WHAT TO WORK ON:
Retype the line with "Locate and select" exactly. Then retype every line after it through the end of the entries below, and nothing more, leaving out pictures.

MATERIAL FOR THIS EXERCISE:
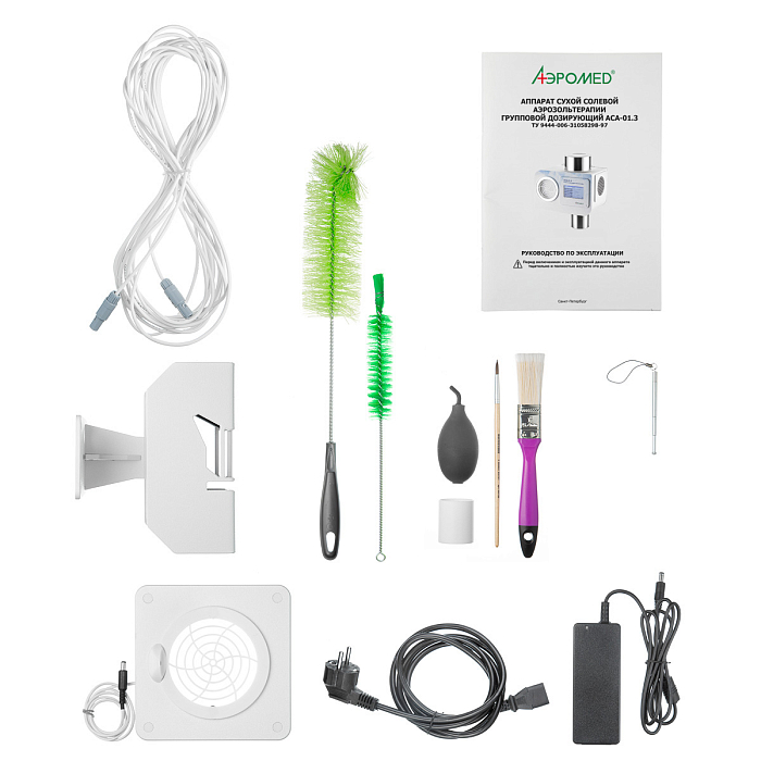 Минимальная комплектация аппарата обеспечивает базовый функционал для проведения управляемой галотерапии. Версия без узла автозагрузки, без перемешивателя, без возможности удаленного управления.
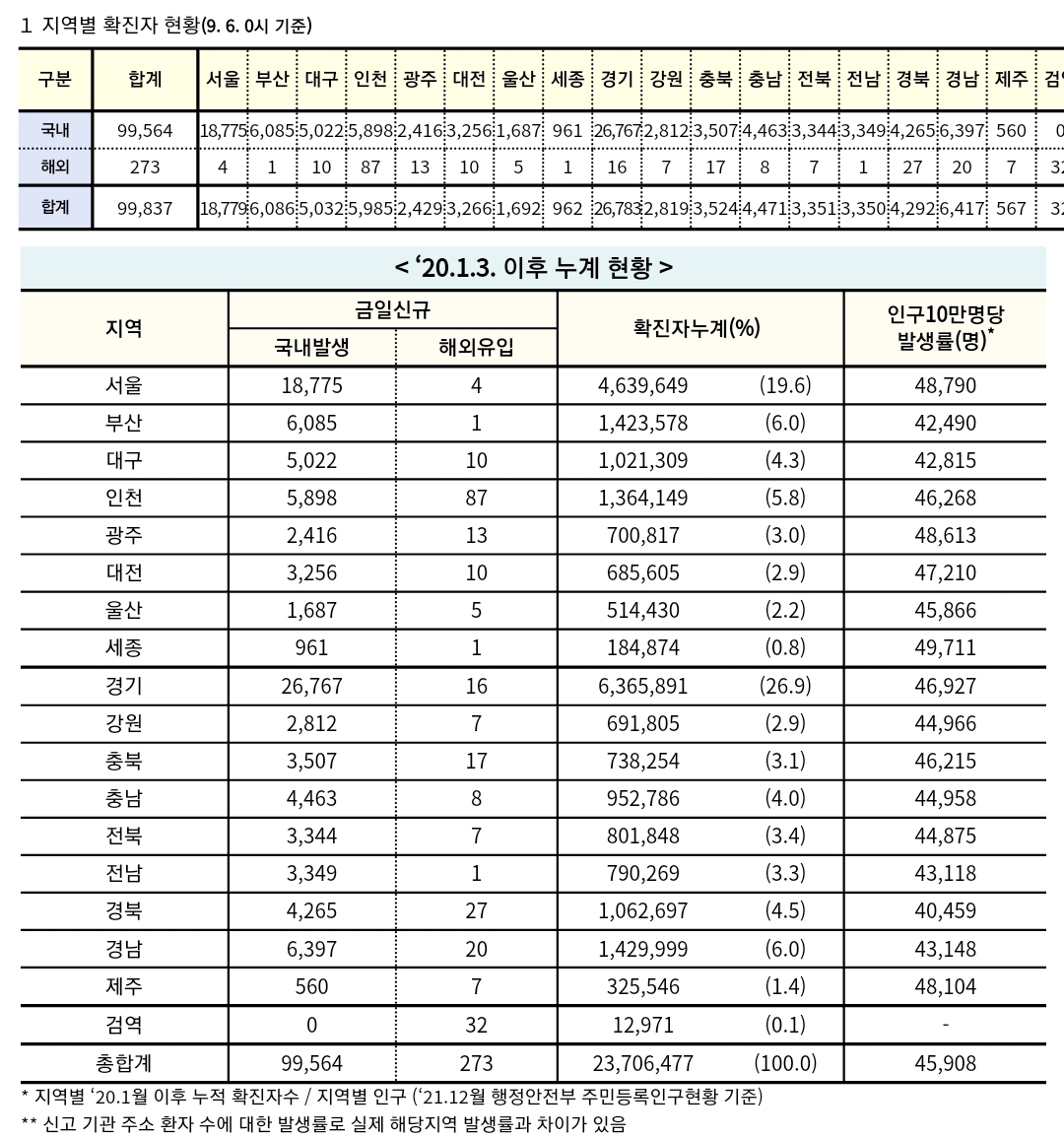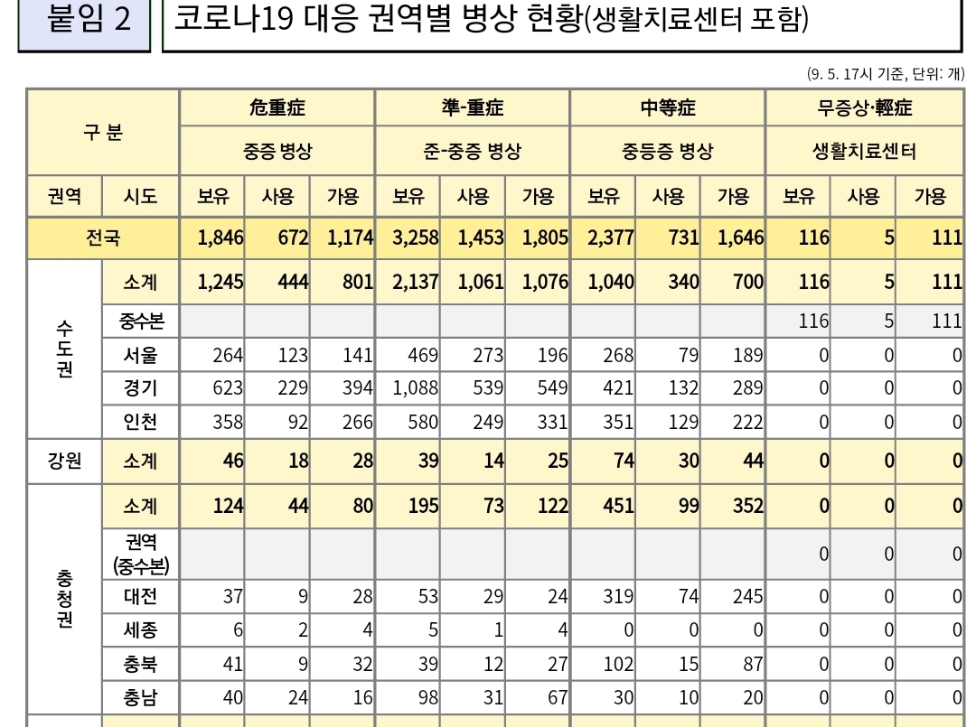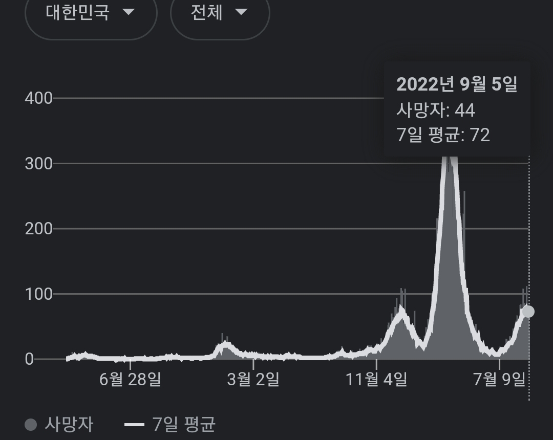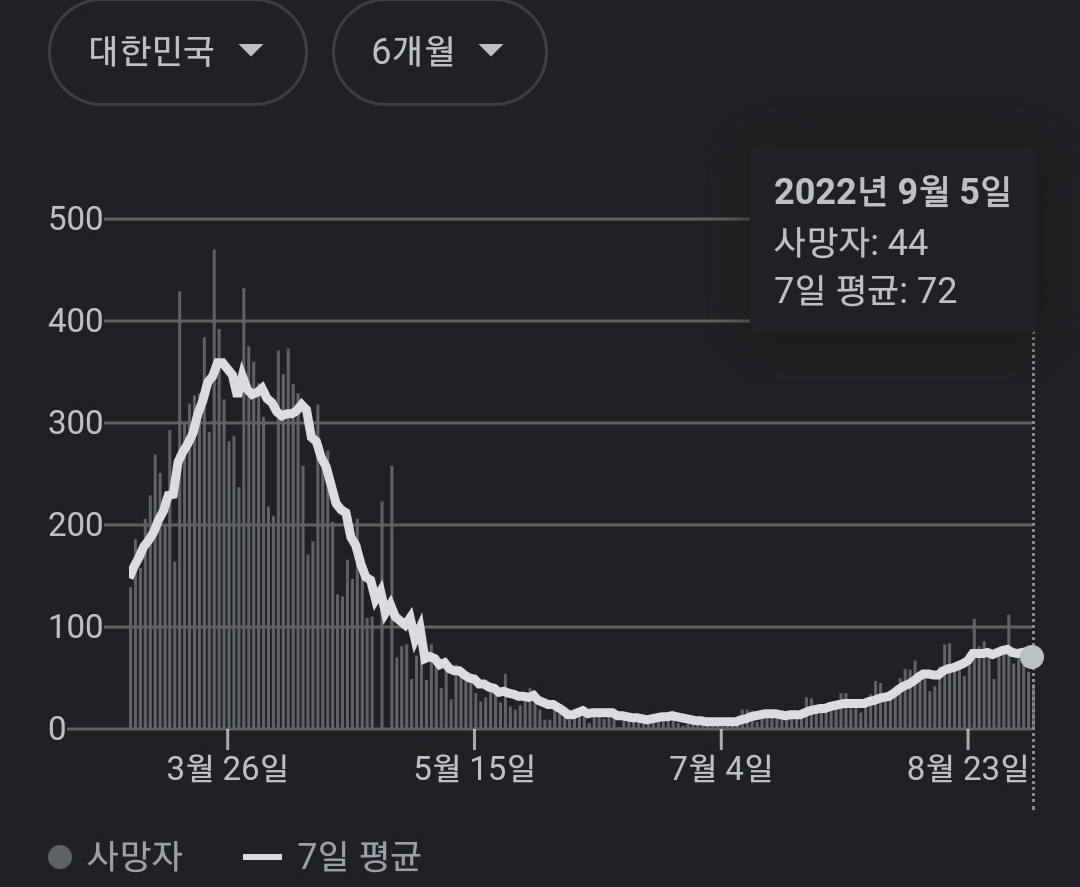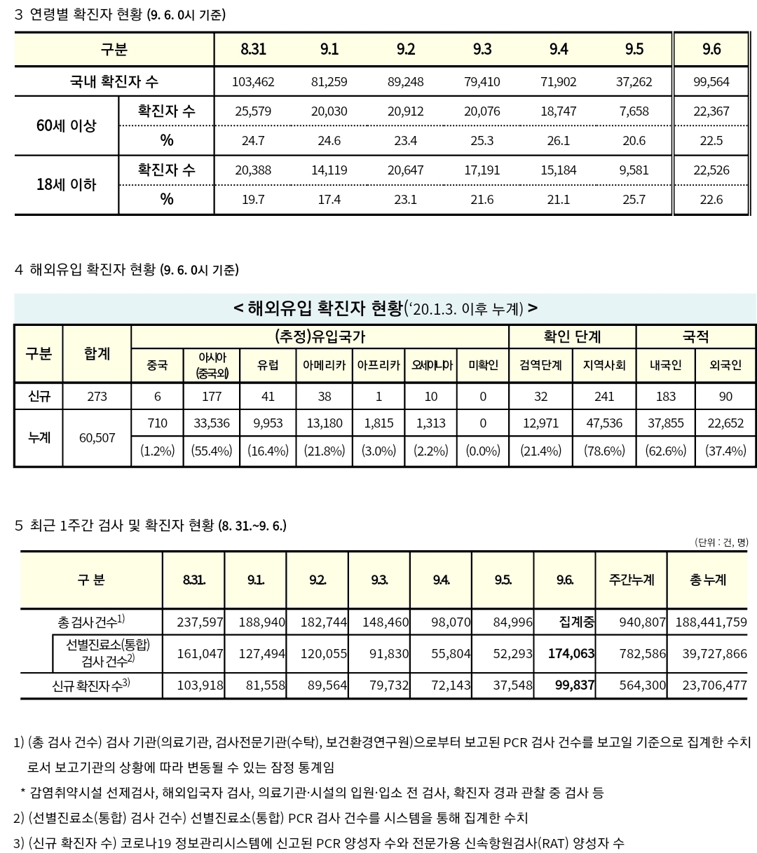 코로나19집계(2022.9.6. 0시기준) 확진 +10.0만, 사망 +44명, 중환자병상가동률 36%, 재택치료 44만 본문
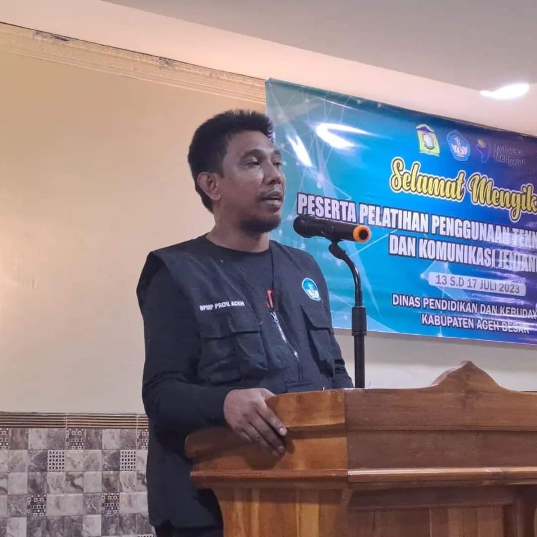 Hal itu disampaikan plt Kadisdikbud Aceh Besar, Agus Jumaidi MPd saat membuka pelatihan penggunaan Teknologi Informasi dan Komunikasi (TIK) jenjang SD Tahun 2023, Kamis 13 Juli 2023 malam di Hotel Hijrah Aceh Besar.
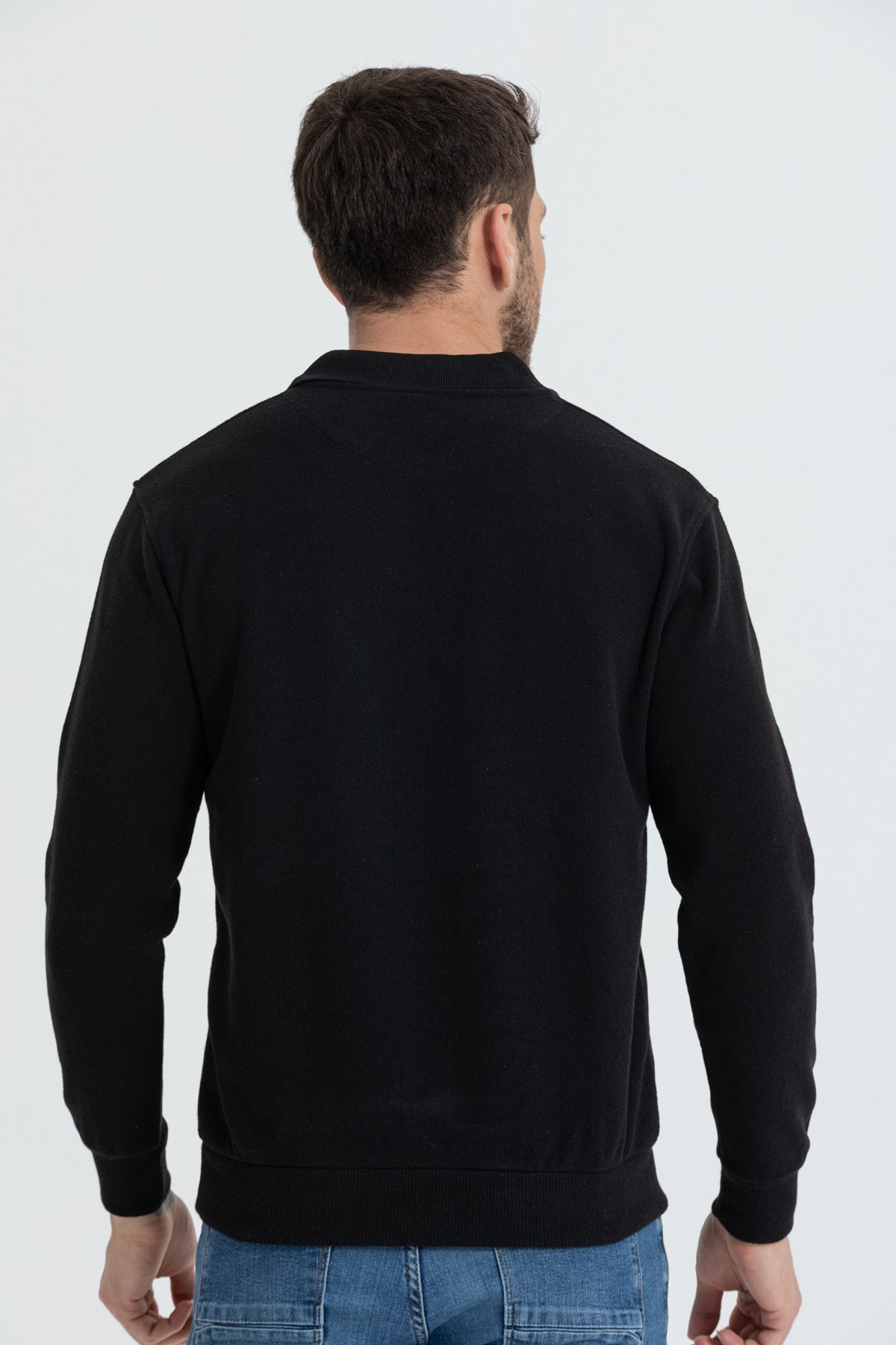 Erkek Siyah Polo Yaka Standart Fit Normal Kesim Sweatshirt
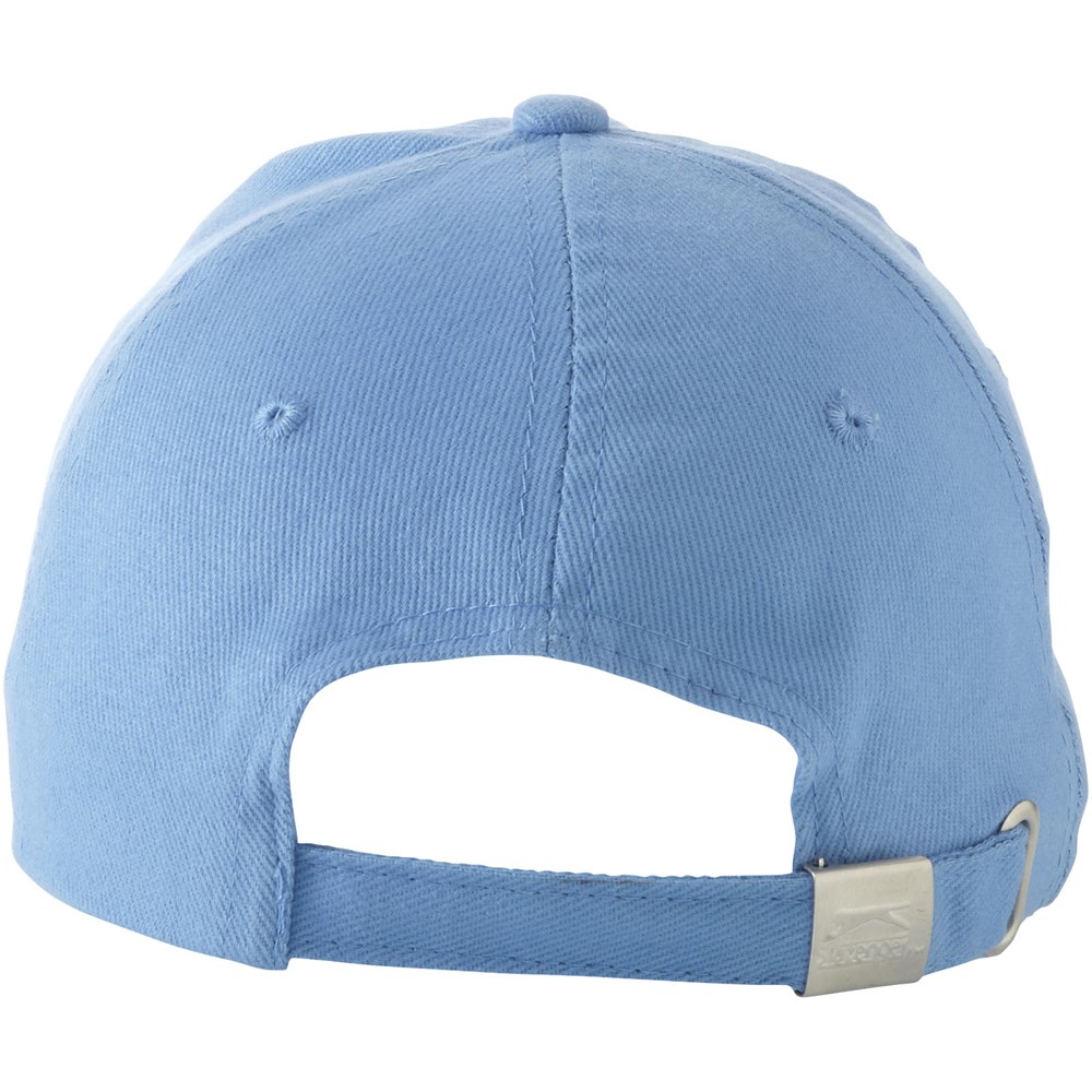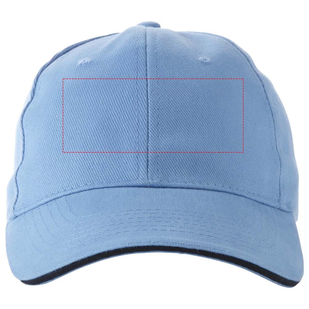Voorgevormde klep met sandwich. Geborduurde oogjes voor ventilatie. Metalen gespsluiting. Hoofdomtrek: 58 cm.
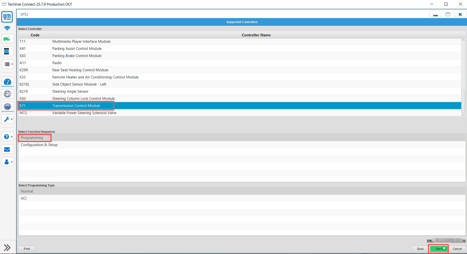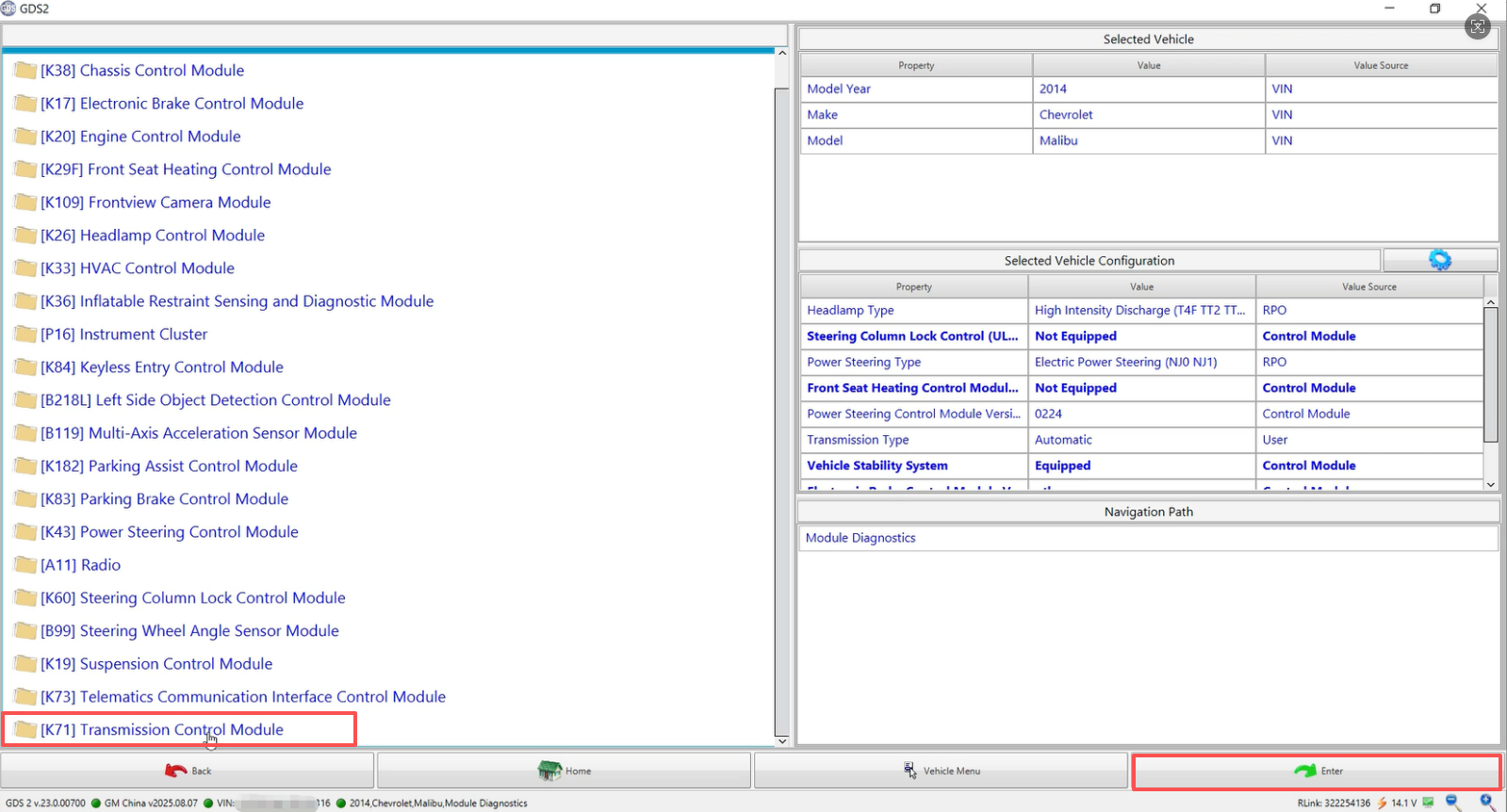 Locate and select [K71 Transmission Control Module] and click [Enter].
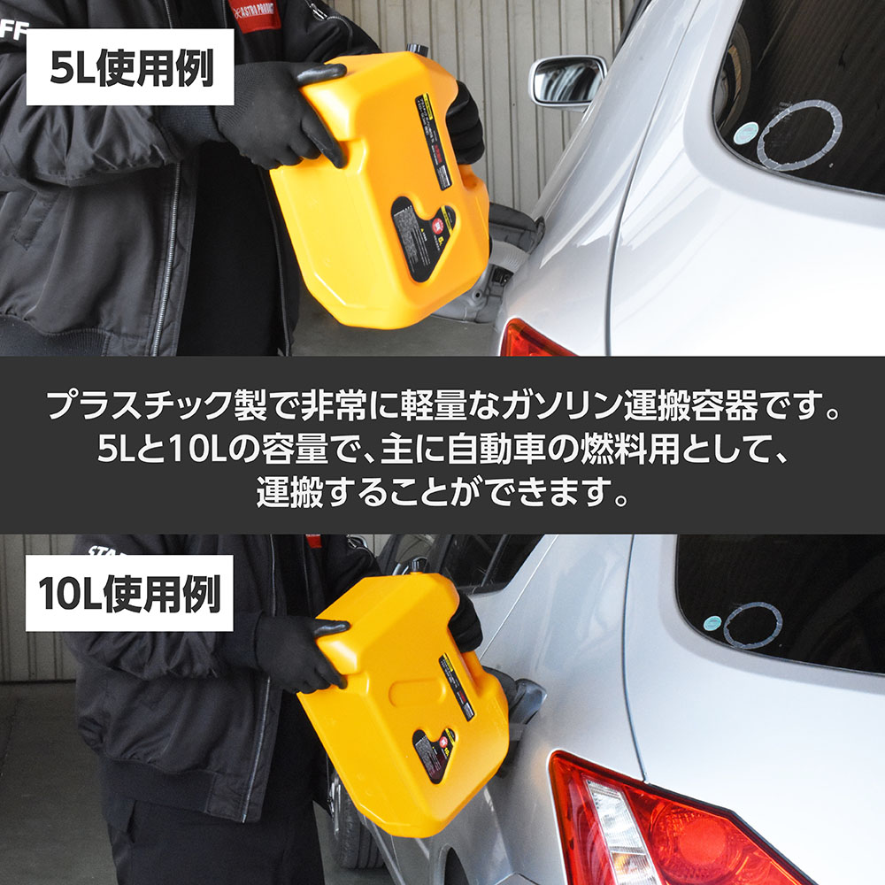 5L / 10Lの容量で、主に自動車の燃料用として、運搬することができます。
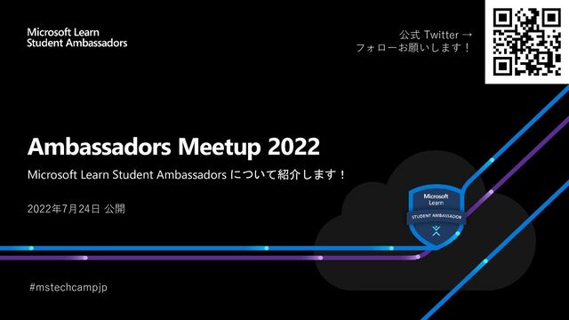 Ambassadors Meetup 2022 Microsoft Learn Student Ambassadors について紹介します! 2022年7月24日 公開

FINAL ANSWER:
 Locate and select [K71 Transmission Control Module] and click [Enter].
 5L / 10Lの容量で、主に自動車の燃料用として、運搬することができます。
 Ambassadors Meetup 2022 Microsoft Learn Student Ambassadors について紹介します! 2022年7月24日 公開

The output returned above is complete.